Your task: Bring back every record exactly, except for the pictures, which stay out.

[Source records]
····················

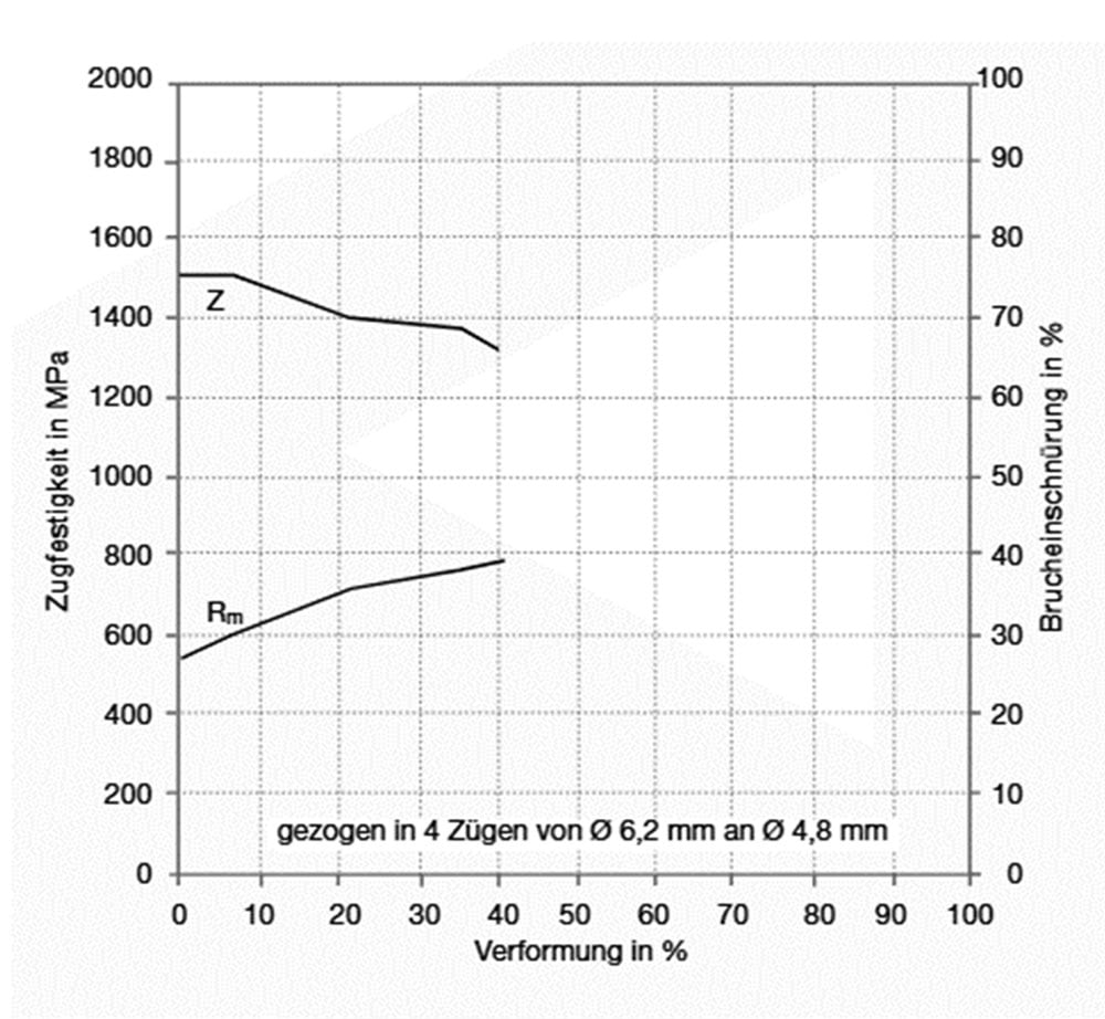 1.4006 has a tensile strength of approx. 850 N/mm2. To achieve this value, a tensile test is carried out to show how much force is required to stretch or elongate a sample before it breaks.
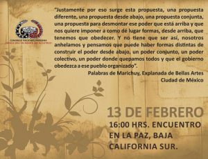 «Justamente por eso urge está propuesta, una propuesta diferente, una propuesta desde abajo, una propuesta conjunta, una propuesta para desmontar ese poder que está arriba y que nos quiere imponer a como de lugar formas, desde arriba, que tenemos que obedecer. Y no tiene que ser así, nosotros anhelamos y pensamos que puede haber formas distintas de construir el poder desde abajo, un poder conjunto, un poder colectivo, un poder dónde quepamos todos y que el gobierno obedezca a ese pueblo organizado». Palabras de Marichuy en la Explanada de Bellas Artes, Ciudad de México.
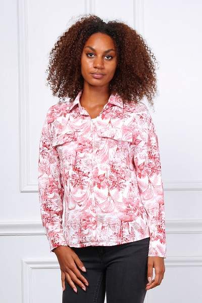 Koszula BEATA w czerwono – bordowe liście, posiada na przodzie 2 kieszonki, długi rękaw
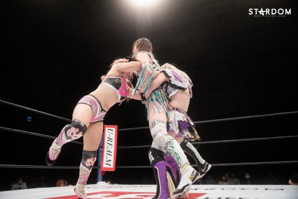 上谷が中野を指名しゴング。グラウンドの攻防でスタートし、上谷が投げを打つと中野がやり返す。中野が正面から蹴りにいくと上谷がかわしてカバーの応酬に。詩美と白川が対峙してロックアップ。白川がとらえると中野が介入してダブルの攻撃を見舞う。白川が走ると詩美がドロップキックで迎撃。上谷が入り連係攻撃のお返しを見舞っていく。詩美が白川の首を取って上谷に託す。上谷は白川にストンピングの連打。上谷は滞空時間を取ったボディースラム。白川が返すと上谷が連続で押さえ込み。しのいだ白川だが相手コーナーに連行される。替わった詩美がドロップキック。上谷がストンピング連打。白川がネックブリーカーから中野にタッチ。中野が上谷に串刺しエルボーアタックもかわされてしまう。しかし中野は2人をコーナーに追い込んで串刺しエルボーアタックを成功させる。さらにコーナーからまとめてダイビングボディーアタック、上谷には側転ダブルニードロップ。上谷がエルボーで向かっていくと中野がやり返す。エルボーの打ち合いから上谷がダウン、中野が仁王立ち。中野の突進に上谷がドロップキック。詩美がショルダータックルで中野を吹っ飛ばすと相手コーナーからミサイルキック。詩美は中野を担ぎ上げるが切返される。中野が詩美にバックドロップ。白川が詩美に串刺しエルボーアタック、サイドからのドロップキック。詩美が返すと、白川が先回りしてコルバタ式河津落とし。詩美を起こすとボディースラムの構え。詩美がこらえてアルゼンチンを狙う。白川が切り返しエルボー連打。詩美が突進をかわしてバックフリップ。白川が返すと、詩美がフェースロック。10分経過。詩美が中央に戻してスリーパー。詩美がコウモリ吊り落としを狙うが中野がカット、白川がパワースラム。白川のダッシュに詩美がカウンターのラリアット。上谷と中野がリングイン。エルボーの打ち合いから上谷が串刺しボディーアタック、ドロップキック。中野が返すと残り3分。中野が飛びついて腕を固める。しかし詩美がカットする。上谷は詩美と合体しビッグブーツ、サイドスラムの連係。上谷は中野を引き起こし、スタークラッシャー狙い。中野が切り返すがスピンキックをかわされる。中野はカウンターでスピンキックを決めるとバックを取って白川がフライングクロスチョップの連係。中野が上谷にタイガーを狙う。残り1分。中野がロープに振ると上谷がニールキック、二段蹴り。しかし白川がカットに成功。詩美がドロップキックも白川が空中胴締め落とし。残り30秒。上谷が中野にフィッシャーマン、中野が返すと上谷がスタークラッシャーの体勢。しかしここでタイムアップの引き分けとなった。
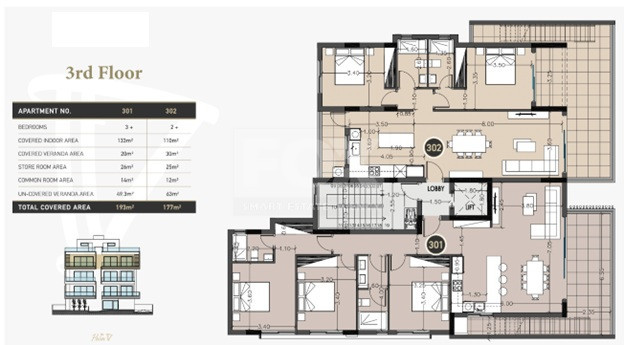 The complex consists of only 6 apartments, with high specifications, underfloor heating, Italian Kitchens, etc.

····················

Solution to the exercise:
 1.4006 has a tensile strength of approx. 850 N/mm2. To achieve this value, a tensile test is carried out to show how much force is required to stretch or elongate a sample before it breaks.
 «Justamente por eso urge está propuesta, una propuesta diferente, una propuesta desde abajo, una propuesta conjunta, una propuesta para desmontar ese poder que está arriba y que nos quiere imponer a como de lugar formas, desde arriba, que tenemos que obedecer. Y no tiene que ser así, nosotros anhelamos y pensamos que puede haber formas distintas de construir el poder desde abajo, un poder conjunto, un poder colectivo, un poder dónde quepamos todos y que el gobierno obedezca a ese pueblo organizado». Palabras de Marichuy en la Explanada de Bellas Artes, Ciudad de México.
 Koszula BEATA w czerwono – bordowe liście, posiada na przodzie 2 kieszonki, długi rękaw
 上谷が中野を指名しゴング。グラウンドの攻防でスタートし、上谷が投げを打つと中野がやり返す。中野が正面から蹴りにいくと上谷がかわしてカバーの応酬に。詩美と白川が対峙してロックアップ。白川がとらえると中野が介入してダブルの攻撃を見舞う。白川が走ると詩美がドロップキックで迎撃。上谷が入り連係攻撃のお返しを見舞っていく。詩美が白川の首を取って上谷に託す。上谷は白川にストンピングの連打。上谷は滞空時間を取ったボディースラム。白川が返すと上谷が連続で押さえ込み。しのいだ白川だが相手コーナーに連行される。替わった詩美がドロップキック。上谷がストンピング連打。白川がネックブリーカーから中野にタッチ。中野が上谷に串刺しエルボーアタックもかわされてしまう。しかし中野は2人をコーナーに追い込んで串刺しエルボーアタックを成功させる。さらにコーナーからまとめてダイビングボディーアタック、上谷には側転ダブルニードロップ。上谷がエルボーで向かっていくと中野がやり返す。エルボーの打ち合いから上谷がダウン、中野が仁王立ち。中野の突進に上谷がドロップキック。詩美がショルダータックルで中野を吹っ飛ばすと相手コーナーからミサイルキック。詩美は中野を担ぎ上げるが切返される。中野が詩美にバックドロップ。白川が詩美に串刺しエルボーアタック、サイドからのドロップキック。詩美が返すと、白川が先回りしてコルバタ式河津落とし。詩美を起こすとボディースラムの構え。詩美がこらえてアルゼンチンを狙う。白川が切り返しエルボー連打。詩美が突進をかわしてバックフリップ。白川が返すと、詩美がフェースロック。10分経過。詩美が中央に戻してスリーパー。詩美がコウモリ吊り落としを狙うが中野がカット、白川がパワースラム。白川のダッシュに詩美がカウンターのラリアット。上谷と中野がリングイン。エルボーの打ち合いから上谷が串刺しボディーアタック、ドロップキック。中野が返すと残り3分。中野が飛びついて腕を固める。しかし詩美がカットする。上谷は詩美と合体しビッグブーツ、サイドスラムの連係。上谷は中野を引き起こし、スタークラッシャー狙い。中野が切り返すがスピンキックをかわされる。中野はカウンターでスピンキックを決めるとバックを取って白川がフライングクロスチョップの連係。中野が上谷にタイガーを狙う。残り1分。中野がロープに振ると上谷がニールキック、二段蹴り。しかし白川がカットに成功。詩美がドロップキックも白川が空中胴締め落とし。残り30秒。上谷が中野にフィッシャーマン、中野が返すと上谷がスタークラッシャーの体勢。しかしここでタイムアップの引き分けとなった。
 The complex consists of only 6 apartments, with high specifications, underfloor heating, Italian Kitchens, etc.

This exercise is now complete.